Submit the full pipeline:

.. code-block:: bash

   condor_submit_dag examples/FAIR_universe_Higgs_tautau/htcondor/workflow_full.dag

The full DAG structure, including ensemble parallelism:

.. image:: /_static/DAG_full_workflow.svg
   :alt: Full NSBI Workflow DAG
   :align: center
   :width: 100%

Submit the training and evaluation pipeline (targetted submitting for optimizations):

.. code-block:: bash

   condor_submit_dag examples/FAIR_universe_Higgs_tautau/htcondor/stage_density_ratio_training.dag

Stage 3 (density ratio training) in detail:

.. image:: /_static/DAG_stage3_ensemble_training.svg
   :alt: Stage 3 Ensemble Training Detail
   :align: center
   :width: 100%

DAGMan handles:

- **SCRIPT PRE** — dynamically generates the training DAGs by reading the pipeline config (number of ensemble members, systematic variations, etc.).
- **SUBDAG EXTERNAL** — submits the generated DAGs as nested sub-workflows.
- **PARENT/CHILD** — ensures evaluation runs only after all training completes.
- **RETRY** — automatically retries failed jobs (transient GPU errors, etc.).

File transfer
^^^^^^^^^^^^^

Each job transfers the source code and example directory to the execute point via ``transfer_input_files``. Trained model outputs are transferred back per-job to unique directories (keyed by process and ensemble index) to avoid overwrites from concurrent jobs:

.. code-block:: text

   transfer_output_files = .../output_model_params_$(PROCESS_TYPE)$(ENSEMBLE_INDEX),
                           .../output_figures_$(PROCESS_TYPE)$(ENSEMBLE_INDEX),
                           .../output

The evaluation job (``data_nn_eval``) transfers the full ``saved_datasets/`` back since it is a single job with no concurrency risk.

Adapting to your cluster
^^^^^^^^^^^^^^^^^^^^^^^^

The HTCondor setup under ``htcondor/`` is written for the `CHTC <https://chtc.cs.wisc.edu/>`_ pool at UW-Madison and will not work out of the box on other clusters.
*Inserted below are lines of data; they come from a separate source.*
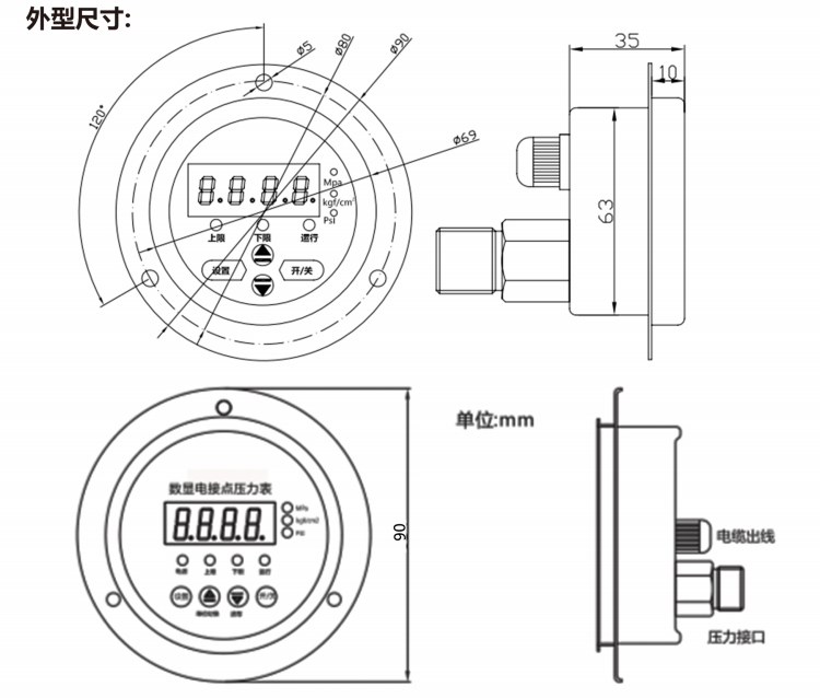 输出形式 | 继电器输出,(高报警、低报警、公共线)接线方法同电接点压力表 |
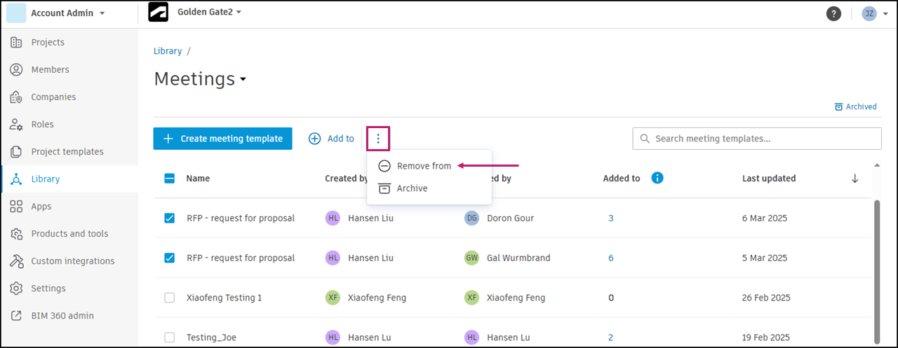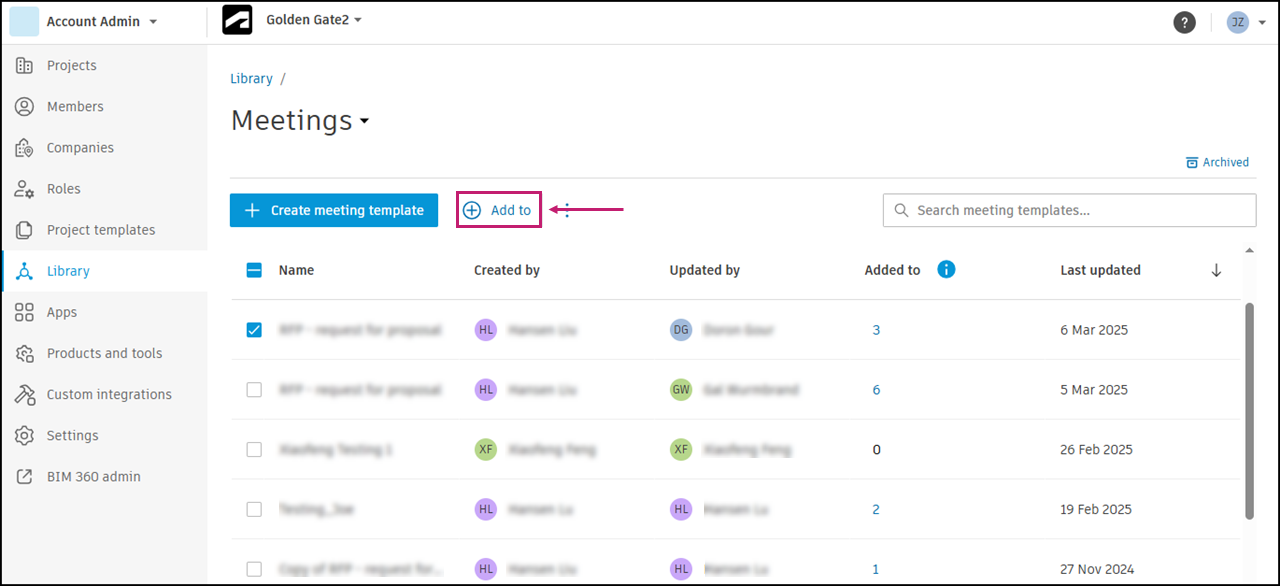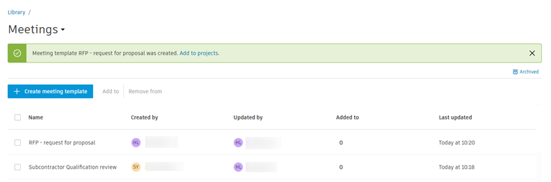 Account administrators can create meeting templates in Library for their account and add them to projects.
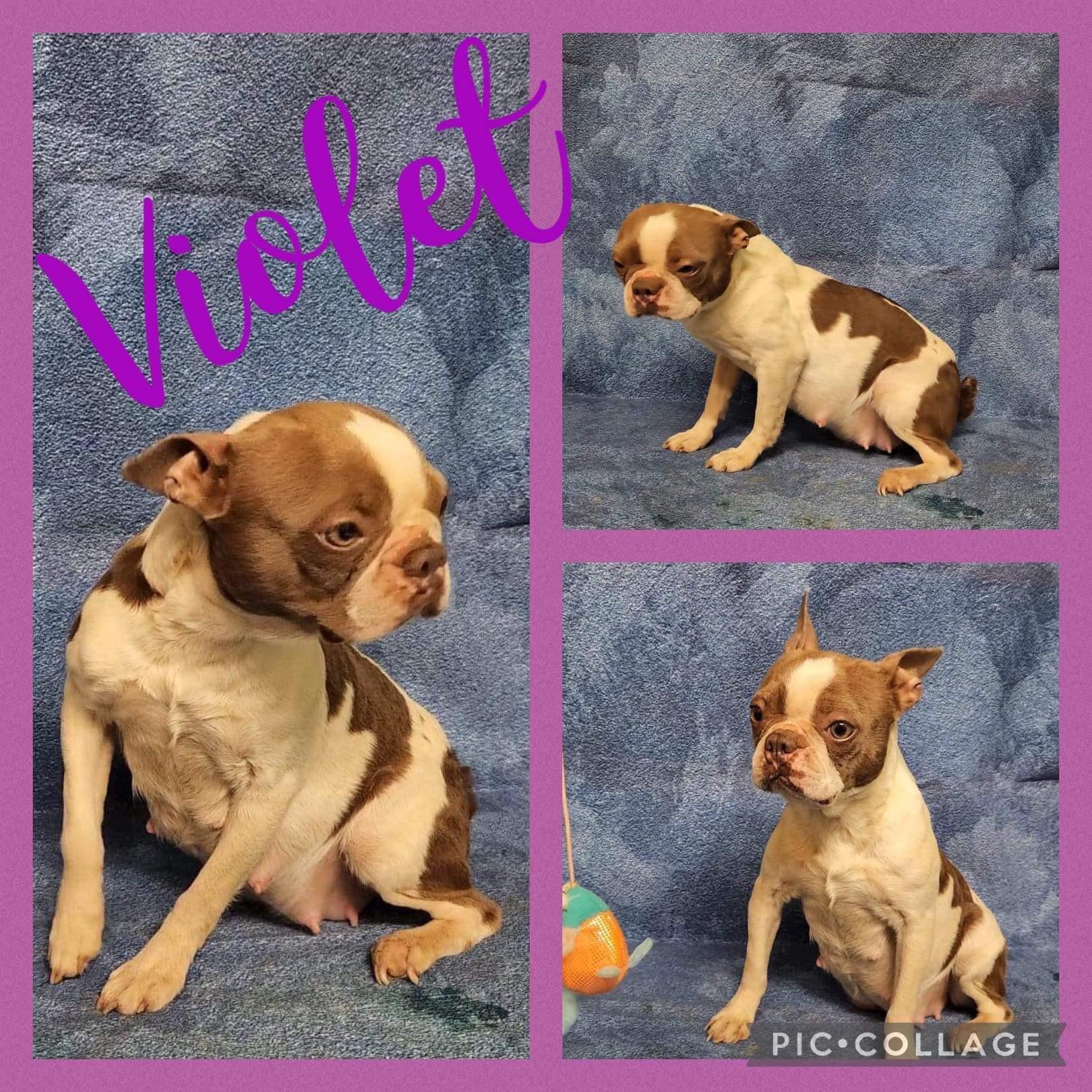 Violet is a female Boston Terrier. Carefully selected as a great representative of her breed, Kimberly decided to make her part of their program. Kimberly has passed Good Dog’s screening process, which involved a review of their breeding practices, environment, and the mental and physical health of their dogs.
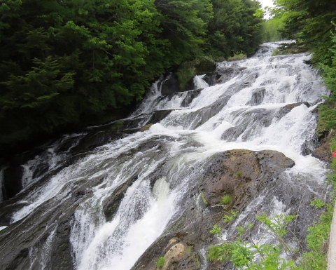 滝というと、華厳の滝に代表されるような垂直な崖を落ちる滝を思い浮かべますが、ここの滝は、渓谷の急流をもう少し斜面を急にしたような感じで、こういう滝を渓流爆というのを初めて知りました。この竜頭の滝は、華厳滝、湯滝と共に奥日光三名瀑のひとつとされているそうですので、奥日光にこられたら是非、立ち寄る事をお勧めします。
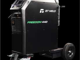 The BT Weld FREEDOM 440 Compact is a high-powered 415V multi-process welder, built for heavy-duty industrial applications requiring MIG, Stick (MMA), and Lift-TIG welding. With a 440A output, this machine delivers exceptional arc stability, efficiency, and weld quality, making it an ideal choice for fabricators, manufacturing professionals, and large-scale welding projects.
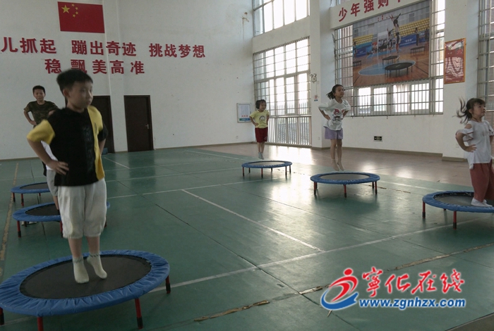 練習(xí)結(jié)束后,孩子們?cè)诶蠋煹闹笇?dǎo)下在蹦床上進(jìn)行叉腰跳、貼臂跳等基本跳,整個(gè)現(xiàn)場(chǎng)沉浸在輕松歡快的氛圍中。
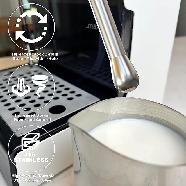 スチームチップの変更により、より良い方向制御とスチームのパワーが可能になり、毎回シルクのように滑らかなミルクになります。
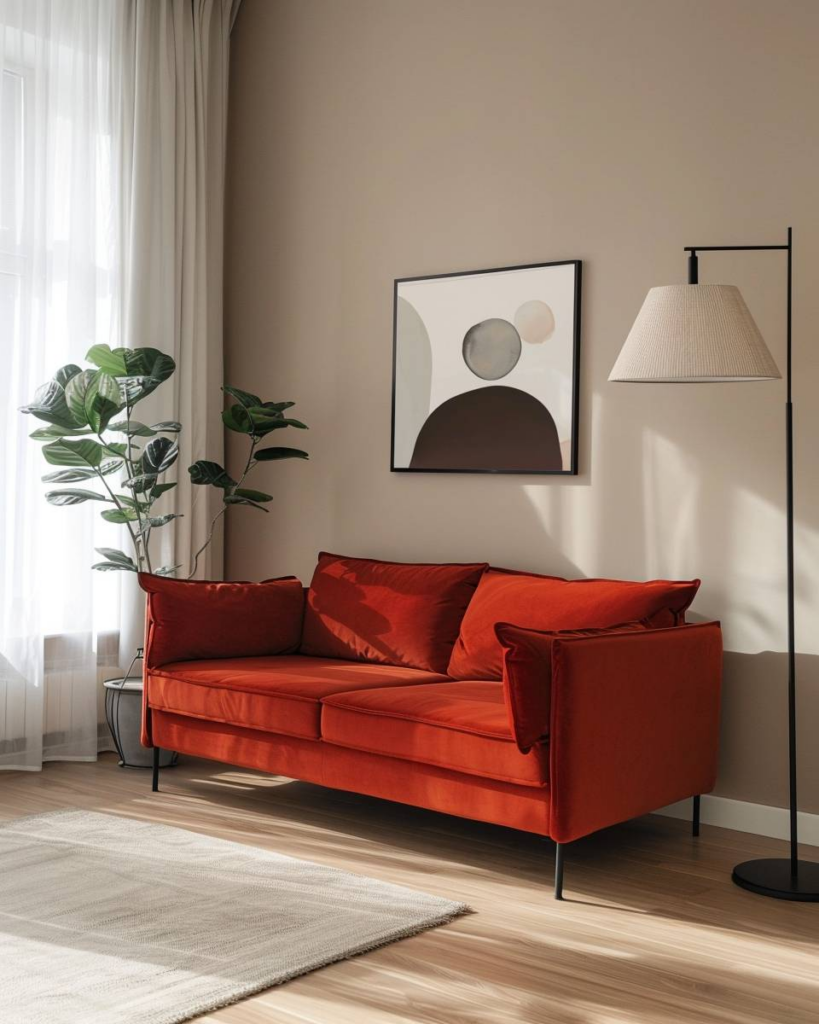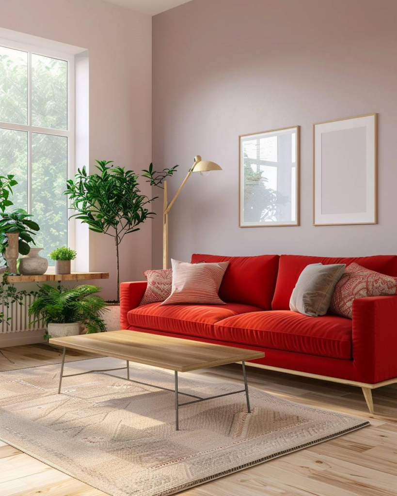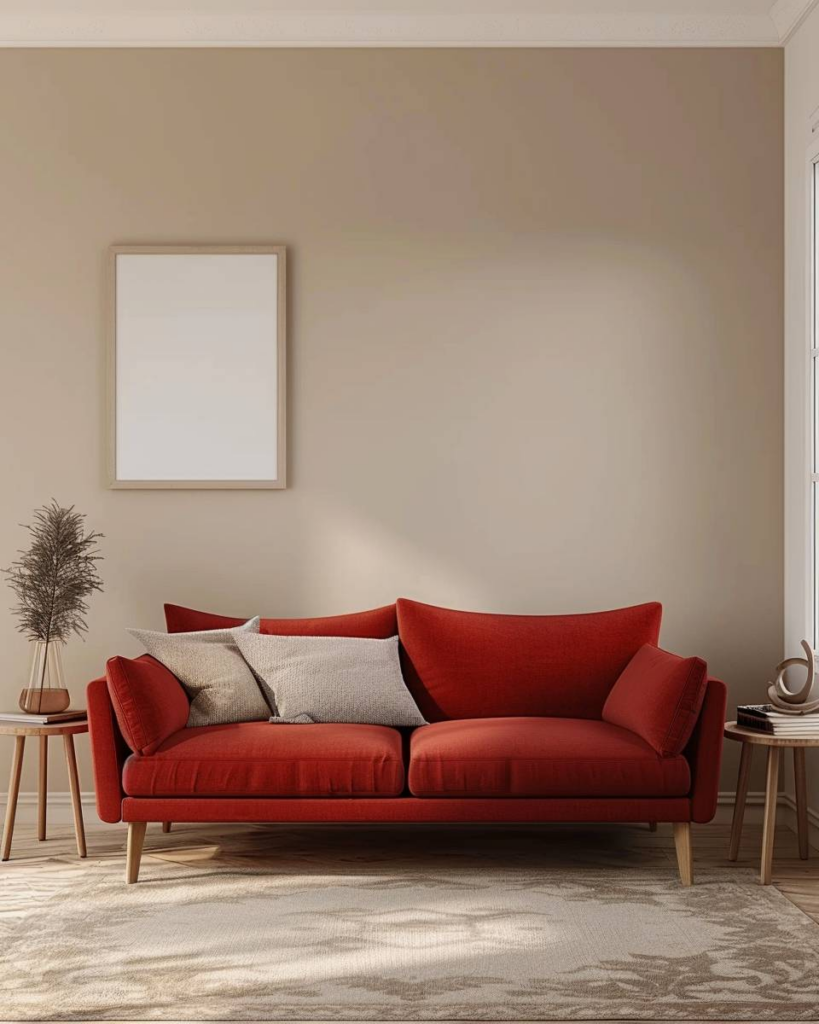 Setze auf sanfte Wandfarben wie Beige, Hellgrau oder Creme. Sie schaffen einen ruhigen Kontrast zum roten Sofa. Dezente Töne beruhigen den Raum und lassen das Sofa modern wirken. Wir vermeiden starke Muster, da sie Unruhe bringen.
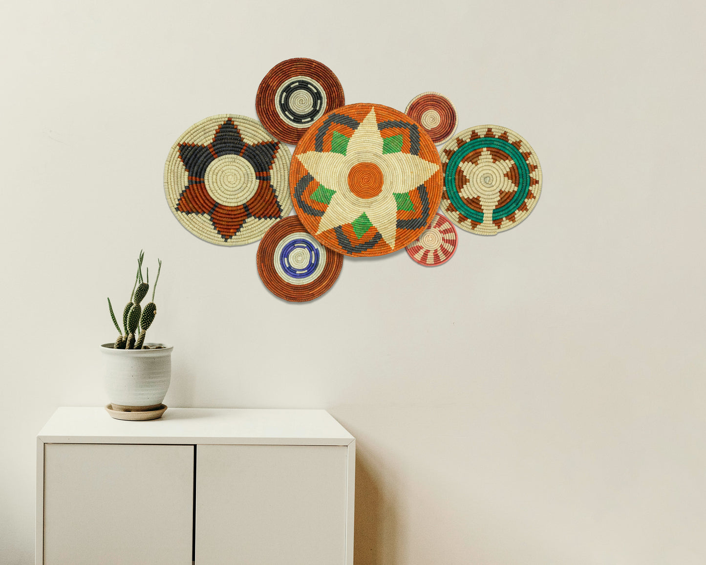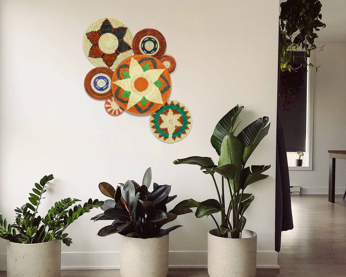 Each basket in this set is uniquely woven by skilled artisans, ensuring one-of-a-kind patterns and intricate details that add depth and character to any space. Whether you arrange them as a statement wall display, use them as tabletop decor, or incorporate them into a gallery wall, these baskets effortlessly enhance Boho, farmhouse, rustic, and modern interiors.
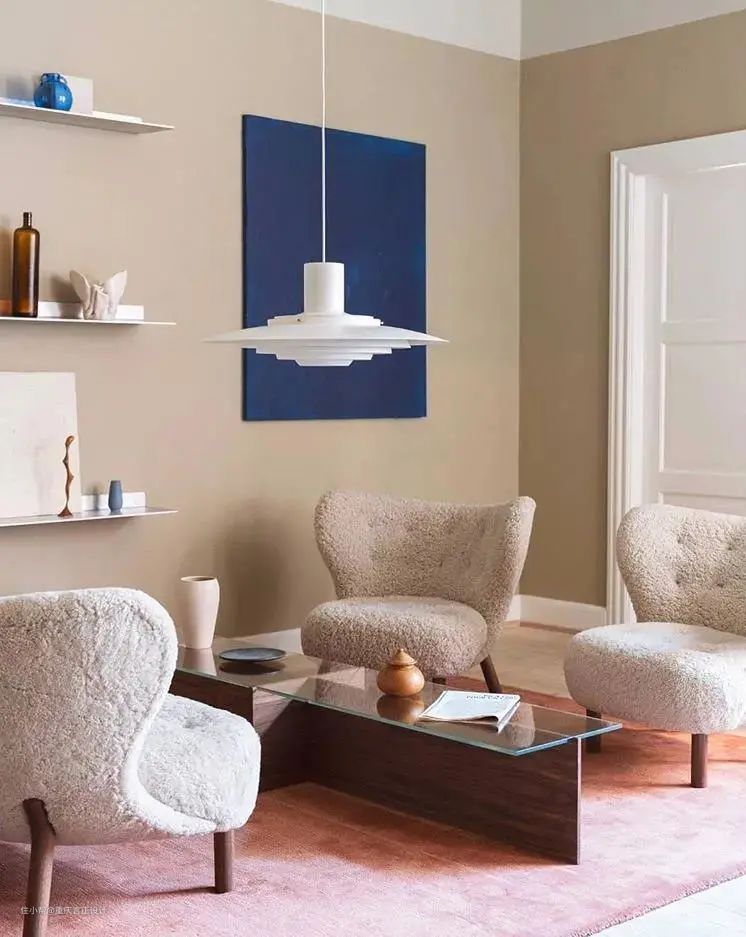 而加了更多牛奶的奶茶,颜色变得清淡了许多,偏向于裸色,但运用在室内设计的时候,于淡雅中透漏着温暖,还带有一丝甜美和复古的味道。
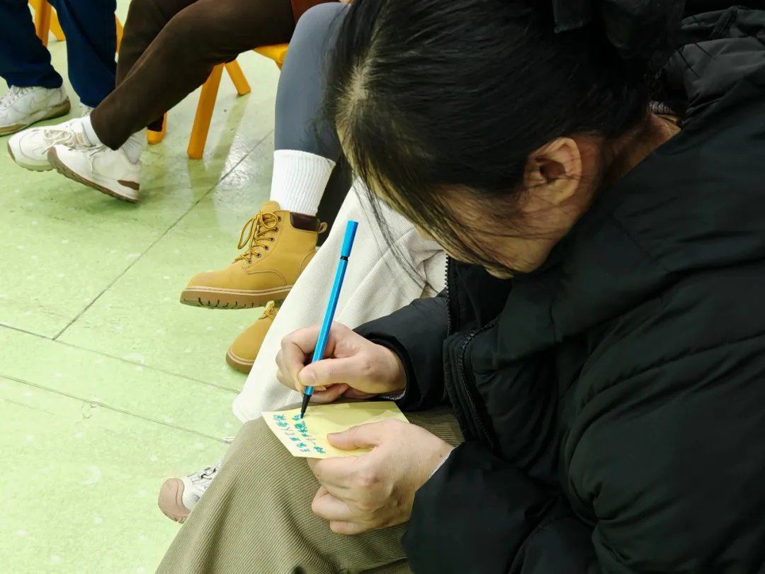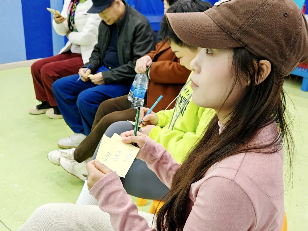 话题三:您觉得,为了让孩子更好地参与生活,我们家庭环境或我们自己可以做的一点点小改变是什么?这是一个向内审视、指向行动的提问。每一位家长都安静下来,在发放的小纸条上,写下了自己最想承诺做出的那个“一点点改变”。这些纸条随后被一一贴在黑板上,汇聚成一片真诚而有力的“心愿墙”。
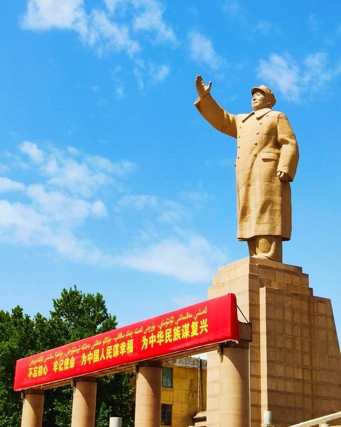到過喀什的遊客大都知道,在喀什市人民廣場主席台後,矗立着一座銀灰色毛主席巨型塑像,雄偉壯觀、氣勢恢宏。1967年,為了表達對毛澤東主席的熱愛之情,喀什的各族幹部羣眾決定效仿內地,在喀什修建一座毛澤東主席塑像,塑像模式採用的就是當時西安火車站那個“毛主席揮手我前進”。為了解決資金問題,幹部、工人、學生人人不甘落後,有錢的出錢,有糧的出糧,有力的出力,慷慨解囊,情景感人。1969年夏秋之際,毛主席塑像建造工程基本竣工。整個塑像高24米,其中底座高11.74米,毛主席立像高12.26米,寓意毛主席的生日為12月26日。
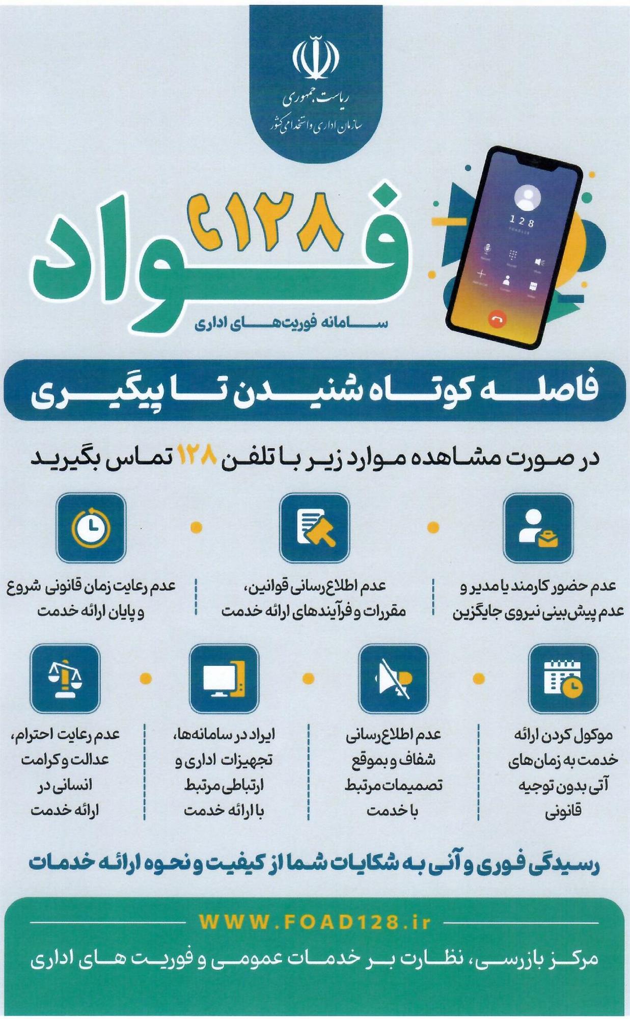 سامانه فواد ۱۲۸ یک سامانه ملی برای ثبت شکایت فوری از عملکرد نظام اداری است که پیگیری را تا پاسخ نهایی انجام می دهد.
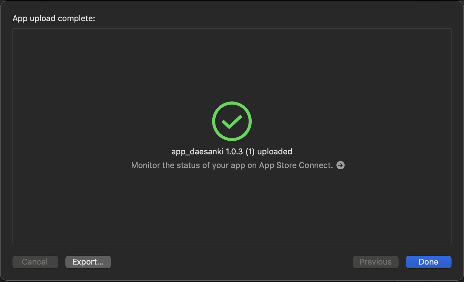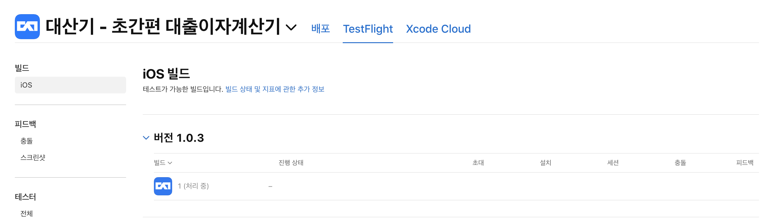 업로드가 성공되면 앱스토어 커넥트 TestFlight에서 확인할 수 있습니다.
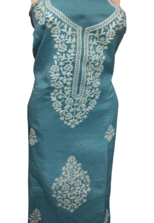 American Silk Suit Material with Organza Dupatta (Blue Color)
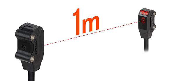 緊湊型傳感器能夠檢測(cè)距離 1 m 的物品。 (對(duì)射型)
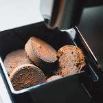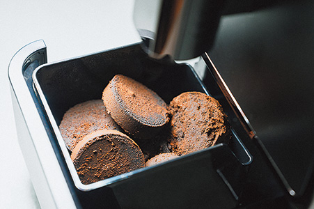 ▲抽出後のカスは自動で圧縮・回収。フィルター不要で捨てるのも簡単。排水トレイと抽出ユニットも取り外せて丸洗いできる

To adapt it you will need to modify at minimum:

- **Submit descriptions** (``*.sub`` files) — resource requests (``request_gpus``, ``request_memory``), container image or ``requirements`` classad, and ``transfer_input_files`` / ``transfer_output_files`` paths to match your storage layout.
- **``config.pipeline.yaml``** — update all dataset and output paths to reflect your directory structure.
- **Environment setup** — the submit files assume a specific container or software stack; replace with your site's equivalent (conda/pixi env, Apptainer image, module loads, etc.).

If your site uses a different batch system (SLURM, PBS, etc.) you can still use the local sequential commands above and wrap them in the appropriate job scripts.  Snakemake support (infrastructure-agnostic) is planned.